The success of a stimulation technique is often measured by its stimulation ratio. This paper, however, presents a novel way of calculating the value that can be added from acid fracturing. A methodology predicting the effect of acid fracturing in carbonate reservoirs has been developed. This accounts for fracture geometry and for acid fracturing job specifications.
Acid fracturing is typically conducted in carbonate reservoirs, which make up approximately 70% of the worldwide hydrocarbon reserves. Acid fracturing is a complex process depending on multiple factors which are different in nature, making mathematical models unreliable. Due to the stochastic process inherent in acid fracturing, modeling has been met with difficulty, especially in calculating conductivity. The modeling data analysis includes the sensitivity study with respect to fracture length and fracture width, as well as the importance of efficient acid transport.

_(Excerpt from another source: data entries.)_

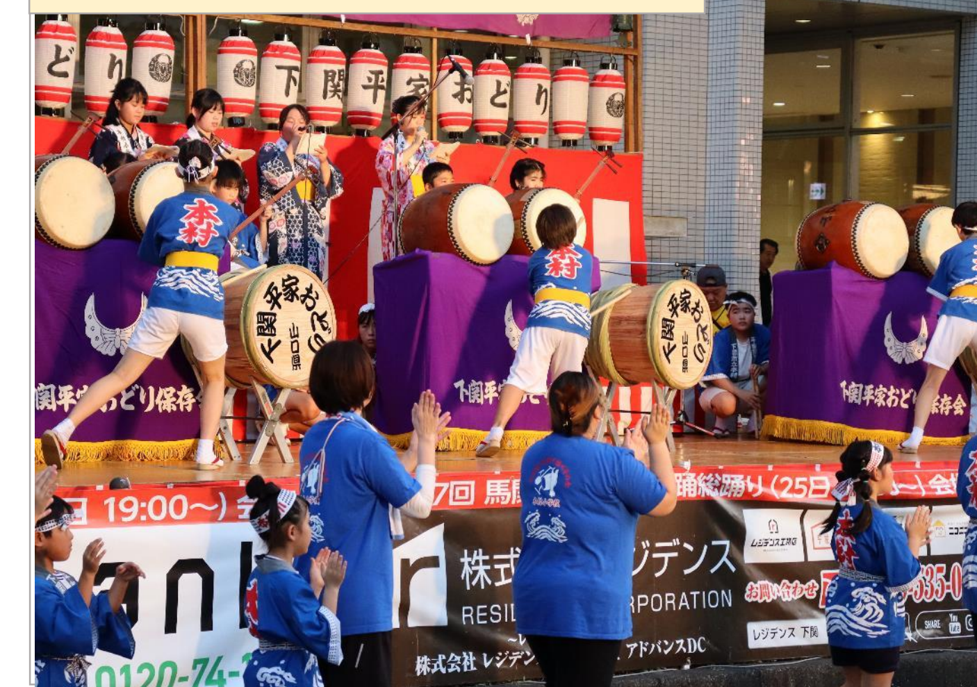
平家踊りで地域活性化
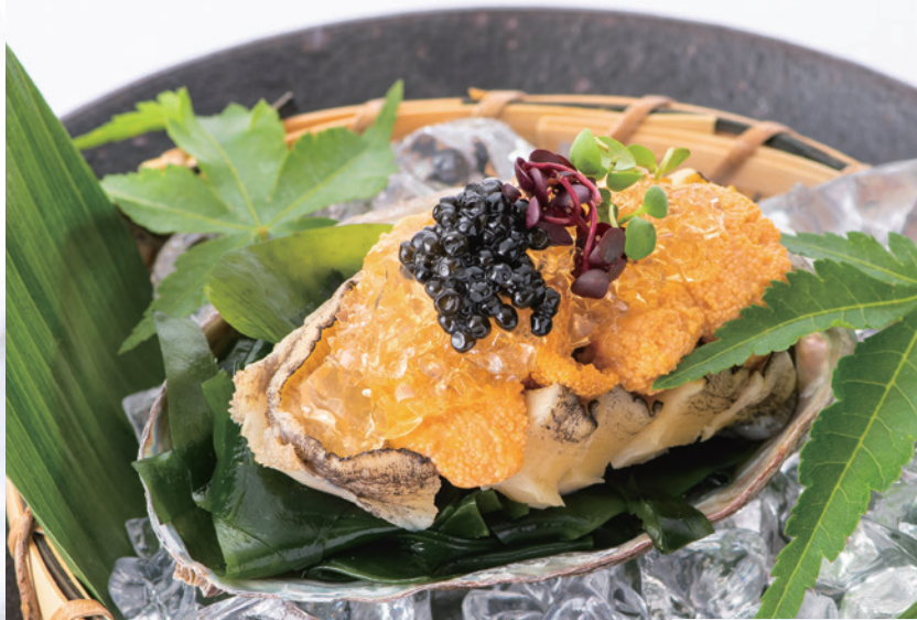
旬の鮑と雲丹の冷製 鱈出汁のジュレ Abalone and Sea Urchin with "Dashi" Jelly 4,450円
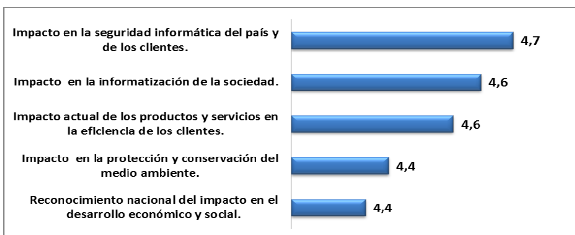
Figura 5. Valoración general de los elementos que caracterizan las variables de capital social en la industria cubana de software (Escala Likert 1-6).

Como resumen del diagnóstico general, a nivel de industria se puede señalar que la gestión de los intangibles es satisfactoria. El 64 % de los intangibles tienen una gestión aceptable y el 32 % es evaluado de regular. Solamente el 4 % de los intangibles presentan una mala gestión. Sin embargo, ninguno de los intangibles es gestionado bien o muy bien. Si recordamos que el éxito de cualquier industria está en la capacidad de generar valor como resultado de crear y desarrollar ventajas competitivas, es decir, competencias distintivas con relación a industrias similares, entonces resulta preocupante que la gestión de los intangibles, base de un
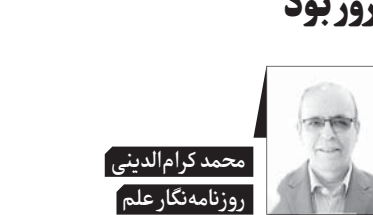
محمد کرام الدینی روزنامه نگار علم

از صبح روز سه شنبه که خبر جان دادن پیروز منتشر شده تا این لحظه که نیمه های شب سه شنبه نهم اسفندماه ۱۴۰۱ است، هر جا که رفته ام، در کوچه و خیابان، در اداره، مدرسه یا فروشگاه، همه جا با موجی نسنسی از غم و اندوه روبرو بوده ام. تقریباً همه کمابیش درباره مرگ ناپهنگام و ناگهانی پیروز گفت و شنود داشته اند؛ البته، هر کس با لحن و زبان و تفسیری متفاوت، گویی تأثیر این خبر بر جامعه آن چنان عمیق بوده که تقریباً همه را غم زده کرده و در ماتم فرو برده است. ادامه در صفحه ۱۰
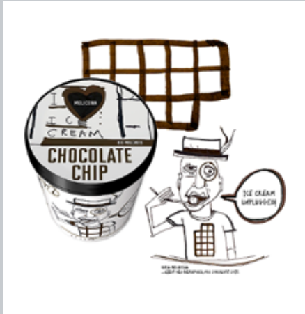
Eis spielt mit Charakteren.
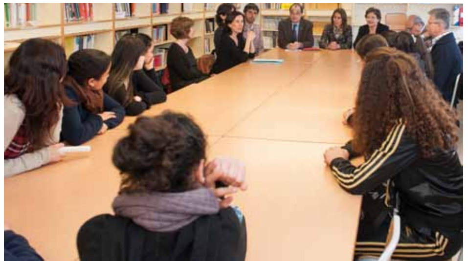
• Taula de treball amb representants locals d'ensenyament i l'Ajuntament i alumnes el passat mes d'abril

Director INS Jonquera 31 d'octubre de 2013
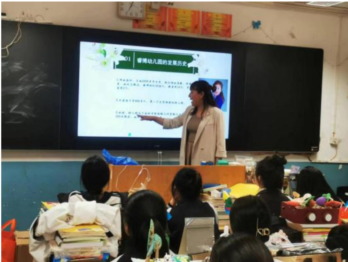
图 13 幼儿保育专业合作幼儿园到校宣讲（二）
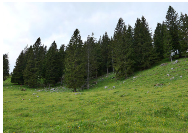
사진 3 = 고원지대 초지와 독일 가문비나무

전통 목동 마을에는 가문비나무 판자로 만든 낮은 지붕의 타원형 지붕을 가진 독특한 건축 양식의 오두막(Bajta)이 140여 채 있는데 전통적인 거주공간으로 확장된 지붕의 빈공간은 가축을 보호하기에 적합하다. 마을에서 프레스카르 박물관(Preskar's Hut)과 눈의 성모 마리아 예배당이 있다. 마을에는 상주 주민이 거의 없지만, 여름철(6월~9월)에는 목동들이 소를 방목하며 거주한다. 이 목동 마을은 유럽에서 이 규모로 보존된 몇 안 되는 목축민 마을 중 하나로, 겨울에는 스키, 여름에는 하이킹을 즐길 수 있는 시설을 갖추고 있다.
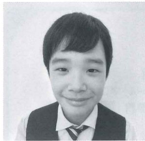
第16回栃木県ジュニアピアノコンクール 小学校3・4年生の部 最優秀賞

The post-stimulation production data is used to calculate the cumulative production parameter which is the cumulative production over a given period of time. It can also be compared to the production of an un-stimulated case. The cumulative production parameter offers a unique way to calculate acid fracture value. This parameter gives a tangible value which translates to production over time. More importantly, the proposed model allows fractures from different reservoirs to be accurately compared, helping production engineers make better decisions and estimate the acid treatment efficiency.
Acidized fracturing is an stimulation technique for oil and gas fields with the aim of increasing the production from a well. An acid is pumped at a pressure above the parting pressure of the rock such that the formation is hydraulically fractured. The acid reacts within the fracture to create a differentially etched surface that will maintain a conductive pathway. Carbonate reservoirs are good candidates for acid fracturing since strong acids such as hydrochloric acid react easily with carbonate.
Acid fracturing was first witnessed in 1895[1]. The Standard Oil Company was using hydrochloric acid to stimulate oil wells in carbonate formations in Ohio, USA. By comparison, the first description and observation of hydraulic fracturing was in 1935. By the 1970s propped fracturing was far more advanced than acid fracturing. During the 1970s and 1980s advancements were made in acid fracturing stimulation theory. As a result fracture acidizing has increased in popularity from the 1980s onwards[2].
Growing energy demand and the need for cost effective fracturing has lead to the widespread use of various fracture optimisation techniques. Current practice in most acid fracturing stimulation jobs is to use Net Present Value (NPV) as the main optimisation objective[3, 4]. NPV is used by systematically varying the treatment parameters and observing the change in NPV and fracture length. Such a procedure is tedious and does not take into account what treatment parameters have the most influence on the fracture geometry. However, a systematic and integrated procedure can assist the treatment design engineer in performing the design task efficiently and enforces a favourable hydraulic fracture geometry that meets various design objectives.